___ Provided material ___

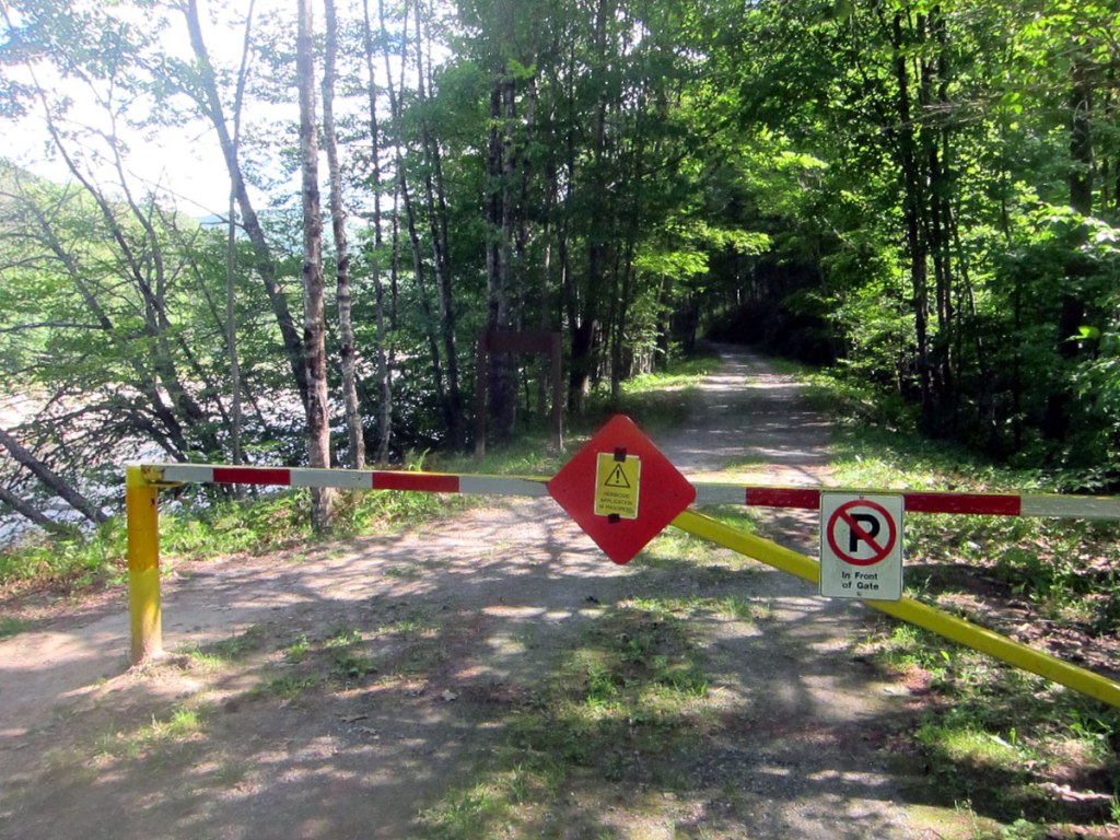 and, a closeup of the beginning of the trail continuing on to South Londonderry with the West River to the left.
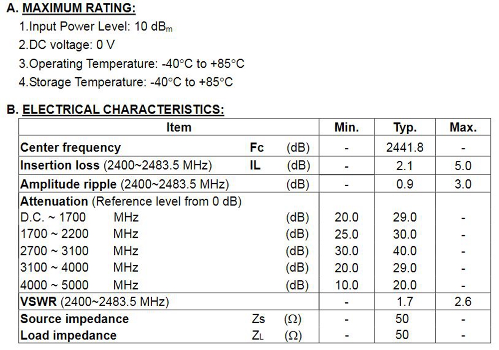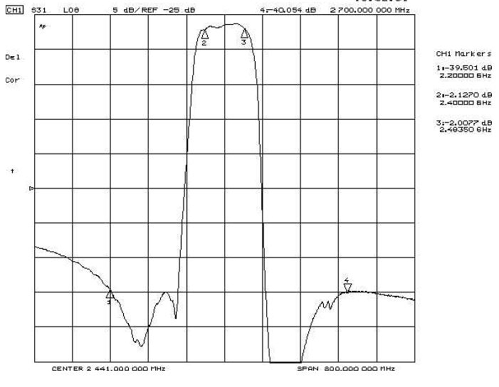 - This filter has a center frequency of 2450MHz and a bandwidth of 85MHz. It is used for performance optimization of 2.4GHz receivers, and is specifically designed for anti-interference in WiFi, Bluetooth, and for Zigbee systems. It can effectively filter out of band signals, reduce noise, and increase dynamic range.
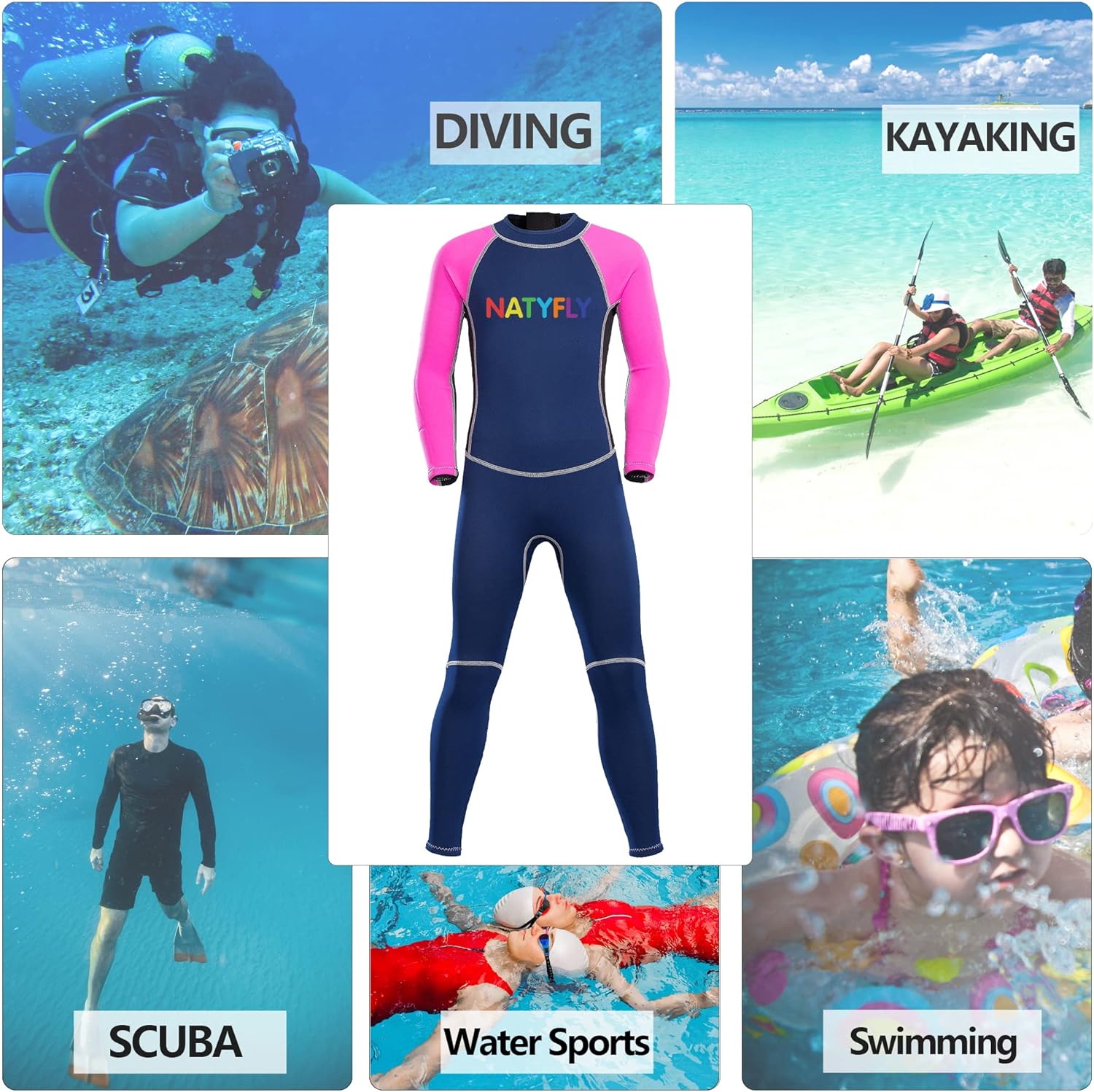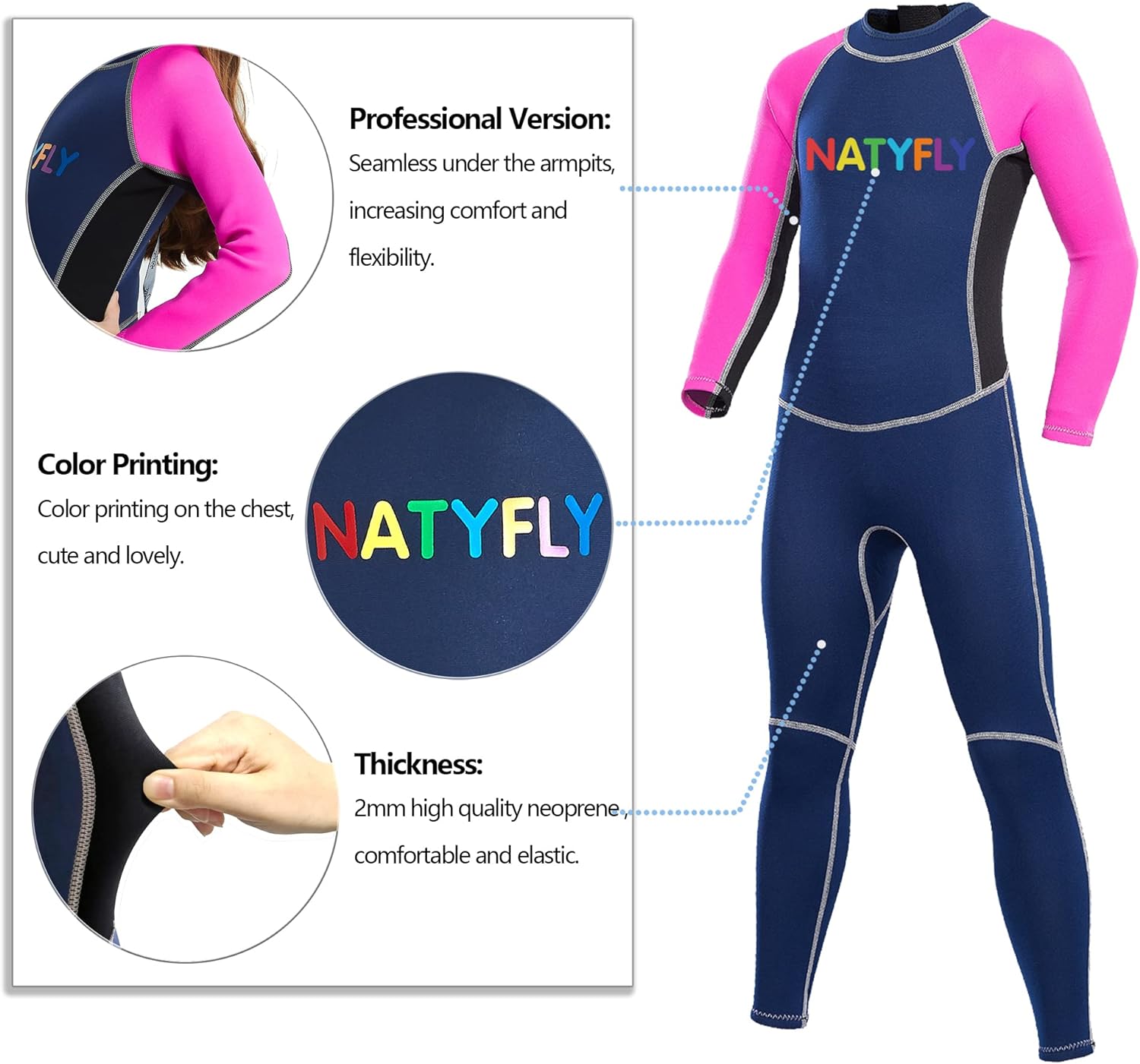 NATYFLY- Traje de Neopreno manga larga, rosado, Talla M
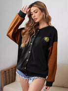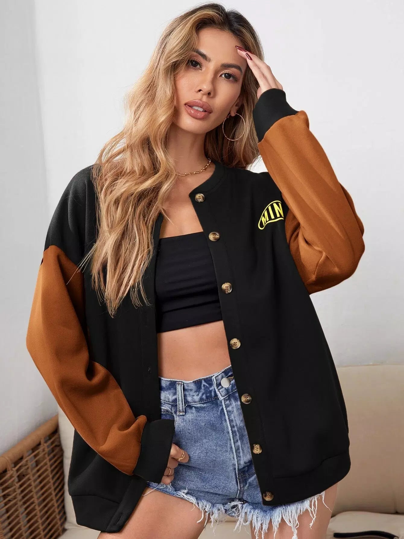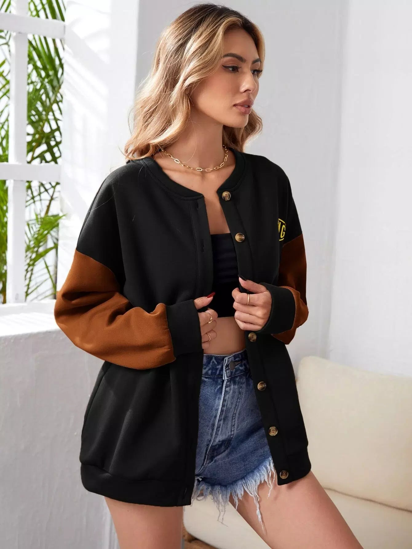 جاكيت جرافيك برسومات حروف ملونة منسدلة على الكتف بأزرار أمامية
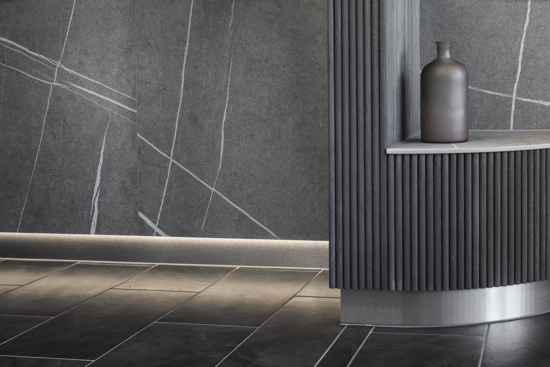 Es ist oft eine Gradwanderung, welche Materialien im Bestand bestehen bleiben können, um dem neuen Design so wenig wie möglich die Wirkung zu nehmen! Bei diesem Projekt wurde das Design bewusst nicht an Bestehendes gehalten, sondern so gewählt, dass Altes aufgewertet wird und Neues sich eigenständig präsentiert!

___

* **Your instructions**
Would you give the entries above again verbatim, omitting the images they contain?

* **Exercise solution**
 and, a closeup of the beginning of the trail continuing on to South Londonderry with the West River to the left.
 - This filter has a center frequency of 2450MHz and a bandwidth of 85MHz. It is used for performance optimization of 2.4GHz receivers, and is specifically designed for anti-interference in WiFi, Bluetooth, and for Zigbee systems. It can effectively filter out of band signals, reduce noise, and increase dynamic range.
 NATYFLY- Traje de Neopreno manga larga, rosado, Talla M
 جاكيت جرافيك برسومات حروف ملونة منسدلة على الكتف بأزرار أمامية
 Es ist oft eine Gradwanderung, welche Materialien im Bestand bestehen bleiben können, um dem neuen Design so wenig wie möglich die Wirkung zu nehmen! Bei diesem Projekt wurde das Design bewusst nicht an Bestehendes gehalten, sondern so gewählt, dass Altes aufgewertet wird und Neues sich eigenständig präsentiert!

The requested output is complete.